# Topological characterization of the closed interval $$. I would like to learn purely topological characterizations of the closed real intervals (to justify the existence of algebraic topology). In particular, such a characterization should not use real numbers. I would like to see in what sense [0, 1] is topologically more important than, for example, the set of rationals, or the complex unit disc. I am especially interested in why the unit interval is so important in the study of compact Hausdorff spaces (metrization, Urysohn’s lemma). I have come up with the following one. Start with a definition of path connectedness that does not use \mathbb R: x_1 and x_2 are connected by a path in X if for every Hausdorff compact C and a,b\in C, there is a continuous f\colon C\to X such that f(a)=x_1 and f(b)=x_2. Now, if X is a Hausdorff space and distinct points x_1 and x_2 are connected by a path in X, then there is a minimal subspace of X in which x_1 and x_2 are still connected by a path, and every such subspace is homeomorphic to [0, 1]. Roughly speaking, ([0, 1], 0, 1) is the minimal bi-pointed Hausdorff space such that every bi-pointed Hausdorff compact can be mapped into it with the distinguished points being sent onto the distinguished points. Maybe in some sense it can be also said that X = [0, 1] is the “minimal” Hausdorff space such that every Hausdorff compact embeds into X^N for some N, but i do not know how to make this precise. My question is: what are other “natural” topological characterizations of [0, 1]? Update: I have duplicated this question on MathOverflow. #### Solutions Collecting From Web of "Topological characterization of the closed interval$$."

It is the unique second countable continuum with two non-cutpoints. This is due to Veblen, according to this overview.

A continuum is a connected and compact Hausdorff space, and a cutpoint (in a connected space) is a point that when removed leaves the remainder disconnected. The second countable is a (non-reals using) way of saying metrisable. One can prove the compactness and connectedness purely from order completeness of the order.

This is a duplicate of my answer on MO

Consider the class of all Hausdorff compacts with distinct points (i.e. which have more than $1$ point) that are absolute retracts in the class
of Hausdorff compacts.
Then $[0,1]$ is up to homeomorphism the only member of this class that embeds into every other.

A lesser-known characterization than the cut-point/end-point one is: A compact, connected metric space (‘continuum’) is an arc if and only if it is arc-like and path-connected.

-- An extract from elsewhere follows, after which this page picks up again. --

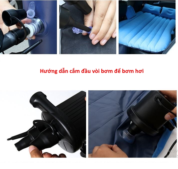 - Thiết kế 2 khoang bơm: 1 cho phần đệm, 1 cho phần chân, có thể chỉ bơm riêng phần đệm khi để trên nền đất hoặc thùng xe, tiện dụng mang theo, để ở cốp xe khi không sử dụng, có thể dùng trên ô tô, khi đi dã ngoại Hướng dẫn sử dụng : – Bước 1: Cắm bơm vào tẩu điện. – Bước 2: Đặt giường hơi lên hàng ghế sau,mở nắp van màu trắng ra – Bước 3: Dùng đầu bơm to nhất bơm hơi vào bên trong – Bước 4: Bơm đầy hơi rồi lắp cái van màu đen vào – Bước 5: Dùng đầu bơm cỡ trung bơm vào cho đầy hơi thì dừng lại – Bước 6: Rút đầu bơm và đóng nắp van lại – Bước 7: Trải thẳng mặt giường lên ghế – Bước 8: Lặp lại thao tác như bước 2 Một số hình ảnh của sản phẩm:

A continuum $X$ is arc-like if for every $\epsilon > 0$ there is a continuous mapping $f: X \rightarrow [0,1]$ with diam$(f^{-1}(y)) < \epsilon$ for all $y \in [0,1]$.

There are also characterizations within the setting of locally connected spaces. The book ‘Continuum Theory’ by Sam Nadler has a lot of characterizations of the arc.

In my opinion all characterizations of the interval $[0,1]$ that are not using the totality of real numbers are far from being natural and are awkward at least.

It is very simple to define what a closed interval is when you have the notion of the real numbers: it is a compact and connected subspace. The other way, from the interval to the whole totality of real numbers, is unnatural.

You can of course argue that you do not need the totality of real numbers to define the closed interval. It is true. But you still need the concept of the totality of real numbers (at least on the intuitive, naive level) to convince yourself that the space you defined really is (isomorphic) to the closed interval. Without it (assume you never heard about the set of real numbers) you just have defined some species of topological space. You do not know apriori that it has all the properties you demand from the closed interval, since you don’t know what a closed interval is. Therefore you do not know that it is useful from your perspective.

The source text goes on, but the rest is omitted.